### DATA RECORDS
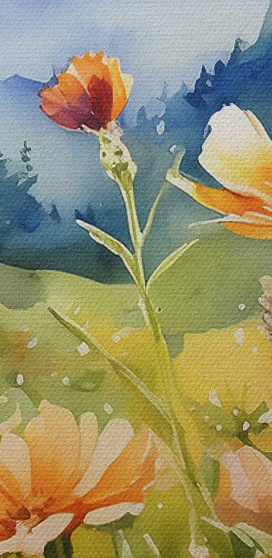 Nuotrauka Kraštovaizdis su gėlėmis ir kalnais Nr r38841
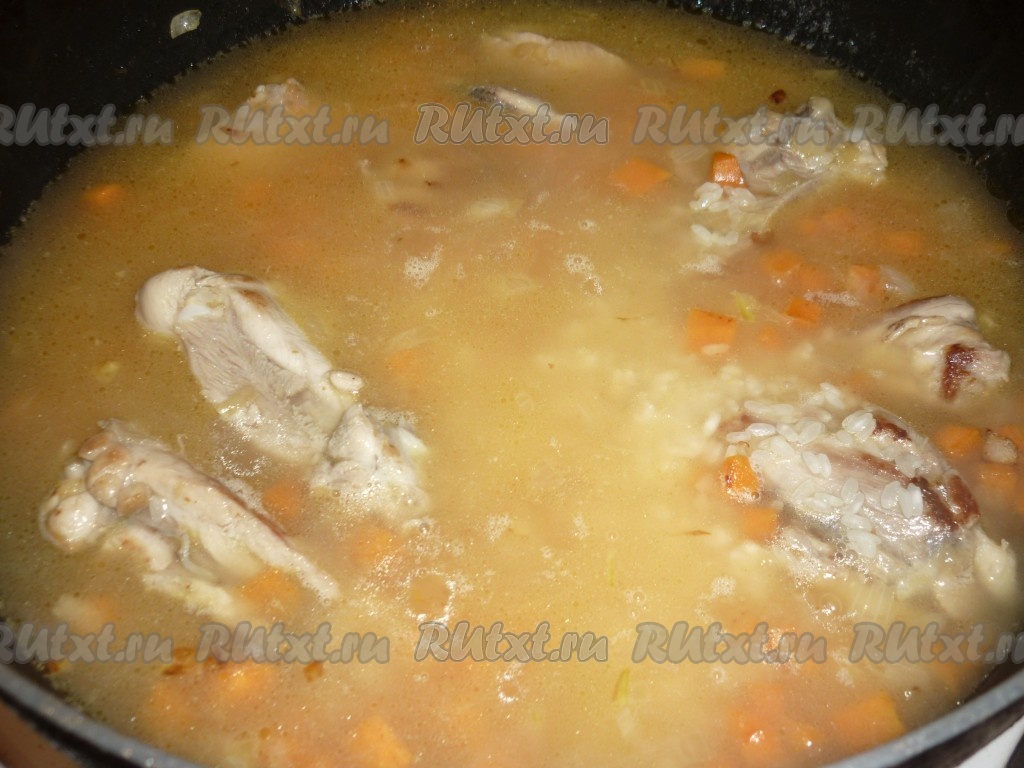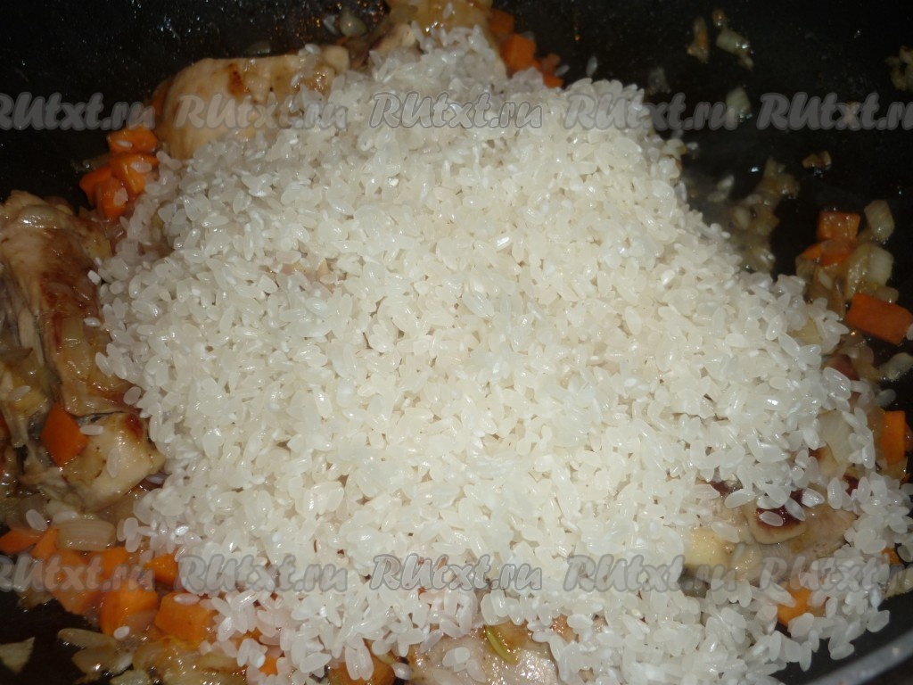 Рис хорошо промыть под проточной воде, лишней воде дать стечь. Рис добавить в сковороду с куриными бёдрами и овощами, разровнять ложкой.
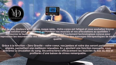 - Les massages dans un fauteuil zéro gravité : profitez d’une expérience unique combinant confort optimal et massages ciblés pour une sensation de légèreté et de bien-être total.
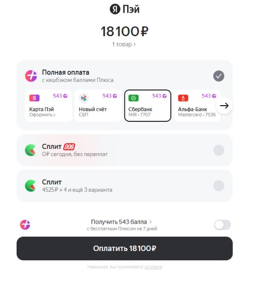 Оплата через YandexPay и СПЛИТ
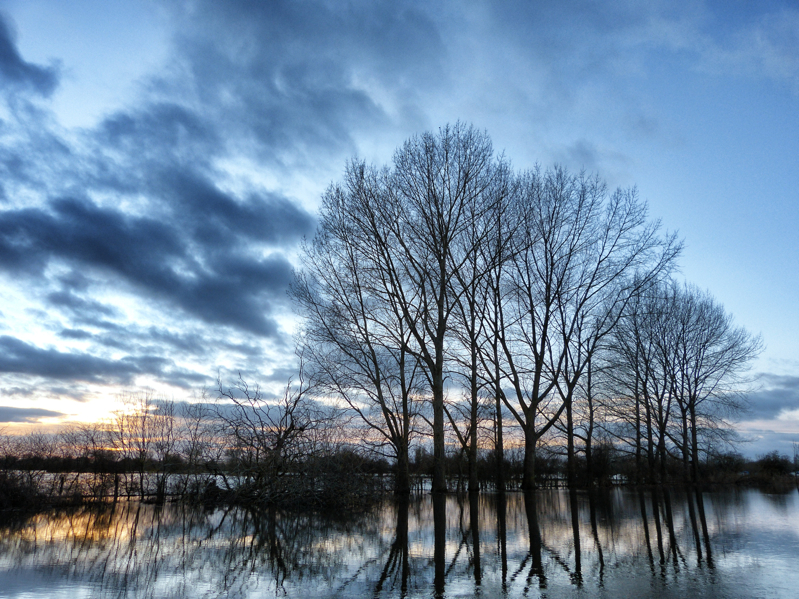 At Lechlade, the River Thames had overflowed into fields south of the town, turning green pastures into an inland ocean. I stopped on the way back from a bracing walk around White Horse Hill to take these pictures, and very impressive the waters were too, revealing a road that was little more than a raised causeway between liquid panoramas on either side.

==

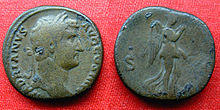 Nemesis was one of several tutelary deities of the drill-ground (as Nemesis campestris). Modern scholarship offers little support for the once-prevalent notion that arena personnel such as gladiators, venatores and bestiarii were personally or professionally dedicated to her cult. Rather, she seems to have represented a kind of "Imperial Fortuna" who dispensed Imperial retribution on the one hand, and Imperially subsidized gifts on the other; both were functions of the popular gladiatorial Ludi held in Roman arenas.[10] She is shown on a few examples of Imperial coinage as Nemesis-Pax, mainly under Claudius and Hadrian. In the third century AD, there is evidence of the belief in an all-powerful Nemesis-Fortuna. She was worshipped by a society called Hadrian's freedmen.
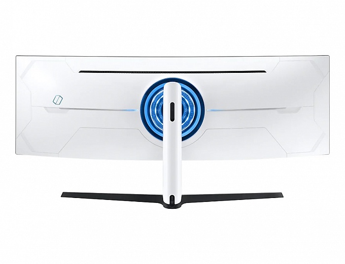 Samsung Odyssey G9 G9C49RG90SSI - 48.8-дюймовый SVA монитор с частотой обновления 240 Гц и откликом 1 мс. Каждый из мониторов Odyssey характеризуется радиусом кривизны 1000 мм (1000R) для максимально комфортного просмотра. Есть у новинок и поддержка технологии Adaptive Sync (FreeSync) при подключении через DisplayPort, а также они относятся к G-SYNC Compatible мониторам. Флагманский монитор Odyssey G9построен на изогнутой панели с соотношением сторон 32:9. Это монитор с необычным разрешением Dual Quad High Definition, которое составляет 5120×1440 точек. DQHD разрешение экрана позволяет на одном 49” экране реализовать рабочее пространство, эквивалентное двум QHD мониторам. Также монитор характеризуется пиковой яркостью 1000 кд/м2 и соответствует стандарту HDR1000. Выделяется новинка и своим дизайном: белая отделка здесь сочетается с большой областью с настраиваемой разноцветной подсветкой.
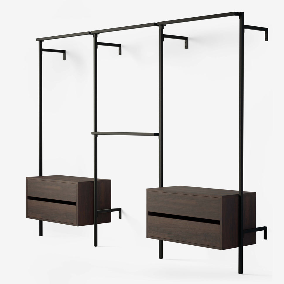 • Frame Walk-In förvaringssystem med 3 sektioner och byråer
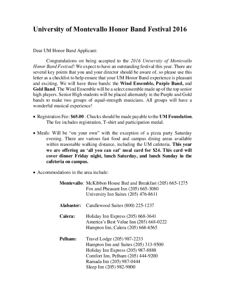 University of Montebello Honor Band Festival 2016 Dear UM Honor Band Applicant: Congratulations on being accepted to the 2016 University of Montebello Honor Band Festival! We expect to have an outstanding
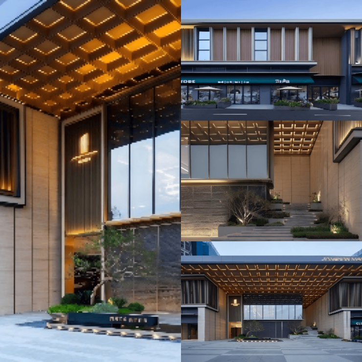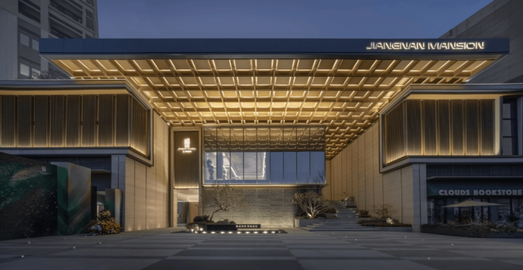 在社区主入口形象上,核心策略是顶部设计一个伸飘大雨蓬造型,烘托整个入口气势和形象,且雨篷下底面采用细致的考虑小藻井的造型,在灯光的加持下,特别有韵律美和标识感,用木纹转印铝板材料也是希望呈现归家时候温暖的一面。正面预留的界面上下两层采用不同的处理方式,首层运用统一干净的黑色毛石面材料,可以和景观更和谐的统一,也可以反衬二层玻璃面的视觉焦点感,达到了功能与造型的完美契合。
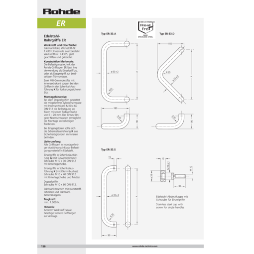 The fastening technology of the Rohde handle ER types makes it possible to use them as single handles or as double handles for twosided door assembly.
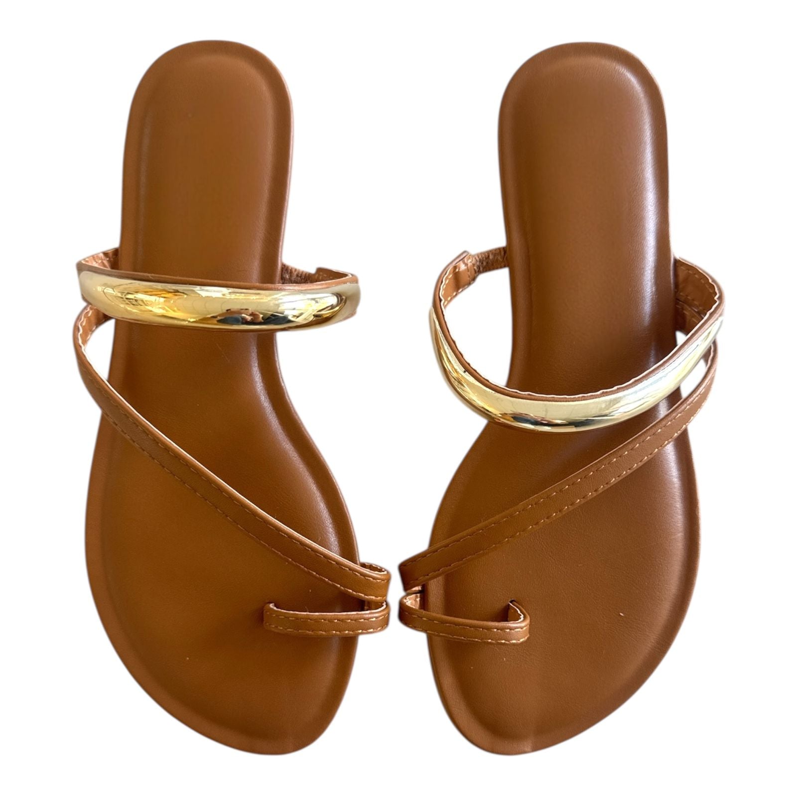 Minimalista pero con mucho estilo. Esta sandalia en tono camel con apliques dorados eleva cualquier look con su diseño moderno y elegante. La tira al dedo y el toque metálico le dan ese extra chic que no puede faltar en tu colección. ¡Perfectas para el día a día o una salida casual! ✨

---

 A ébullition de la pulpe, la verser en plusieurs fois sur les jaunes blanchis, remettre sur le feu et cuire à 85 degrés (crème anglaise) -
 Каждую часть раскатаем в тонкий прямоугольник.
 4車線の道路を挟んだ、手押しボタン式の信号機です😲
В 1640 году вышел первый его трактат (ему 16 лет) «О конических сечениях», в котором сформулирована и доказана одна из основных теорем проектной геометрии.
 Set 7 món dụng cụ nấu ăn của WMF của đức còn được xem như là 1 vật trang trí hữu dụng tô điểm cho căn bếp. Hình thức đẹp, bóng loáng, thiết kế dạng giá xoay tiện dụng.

### YOUR GOAL
Using the entries above, extract exactly the lines from the one that contains "Nuotrauka Kraštovaizdis su" through the one that contains "At Lechlade, the". Do not carry over any pictures.

### REPLY TO THE TASK
 Nuotrauka Kraštovaizdis su gėlėmis ir kalnais Nr r38841
 Рис хорошо промыть под проточной воде, лишней воде дать стечь. Рис добавить в сковороду с куриными бёдрами и овощами, разровнять ложкой.
 - Les massages dans un fauteuil zéro gravité : profitez d’une expérience unique combinant confort optimal et massages ciblés pour une sensation de légèreté et de bien-être total.
 Оплата через YandexPay и СПЛИТ
 At Lechlade, the River Thames had overflowed into fields south of the town, turning green pastures into an inland ocean. I stopped on the way back from a bracing walk around White Horse Hill to take these pictures, and very impressive the waters were too, revealing a road that was little more than a raised causeway between liquid panoramas on either side.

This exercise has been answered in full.